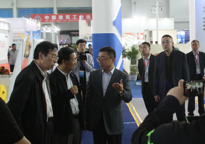 展會期間,國家住房城鄉(xiāng)建設部建筑節(jié)能與科技司副司長郭理橋、國家住建部科技與產業(yè)化發(fā)展中心副主任文林峰、國家住建部科技與產業(yè)化發(fā)展中心處長劉美霞、遼寧省住房和城鄉(xiāng)建設廳廳長魏舉峰、副廳長李海洋、沈陽市副市長于振明、盤錦市人民政府副市長白光及各省市建委相關負責人等領導蒞臨博覽會現(xiàn)場參觀指導,并駐足三新集團展位。各位領導饒有興致的觀看我公司裝配式建筑展品,對我公司的裝配式建筑系統(tǒng)都給予很高的評價,并與三新集團總經(jīng)理洪長禧親切交談。
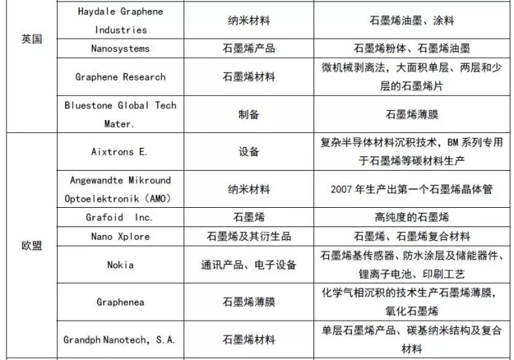 目前歐盟約有50 余家公司開展石墨烯的研發(fā)、產(chǎn)業(yè)化以及應(yīng)用的推進,不僅包括諾基亞、巴斯夫、拜耳等工業(yè)巨頭,還有眾多小型專業(yè)化石墨烯企業(yè)。產(chǎn)業(yè)分布主要集中在德國、法國、西班牙等地。
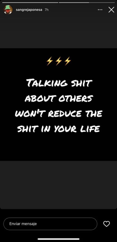 La ex mujer de Benjamín Vicuña fue contundente con un mensaje que publicó en sus historias de Instagram: "Talking shit about others won't reduce the shit in your life", fue la frase en inglés que eligió y que significa “hablar mierda de otros no va a reducir la mierda que hay en tu vida”.
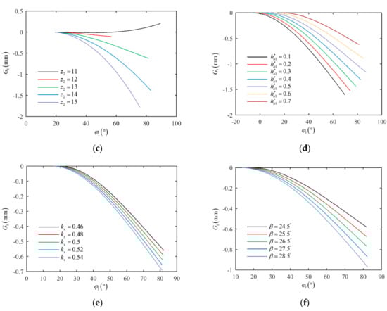(3) As can be seen from Figure 17d, when the addendum coefficient increases from 0.1 to 0.7, the relation is valid in the whole checking range of the angle , satisfying the constraint (72), and no tooth-overlapping interference occurs. The larger the addendum coefficient , the smaller the transverse distance between the apex and the conjugate tooth profile will be, and the more likely that the interference will occur. Similarly, it can be seen from Figure 17e,f that no tooth-overlapping interference occurs when the tooth thickness coefficient or the tooth profile angle increases, and the larger the parameters or , the less likely that the interference will occur.

■ ■ ■ ■

- **About this task**: Your answer should consist of the lines above between those holding "目前歐盟約有50 余家公司開" and "La ex mujer", inclusive, reproduced word for word and without pictures.

- **Response to the task**:
 目前歐盟約有50 余家公司開展石墨烯的研發(fā)、產(chǎn)業(yè)化以及應(yīng)用的推進,不僅包括諾基亞、巴斯夫、拜耳等工業(yè)巨頭,還有眾多小型專業(yè)化石墨烯企業(yè)。產(chǎn)業(yè)分布主要集中在德國、法國、西班牙等地。
 La ex mujer de Benjamín Vicuña fue contundente con un mensaje que publicó en sus historias de Instagram: "Talking shit about others won't reduce the shit in your life", fue la frase en inglés que eligió y que significa “hablar mierda de otros no va a reducir la mierda que hay en tu vida”.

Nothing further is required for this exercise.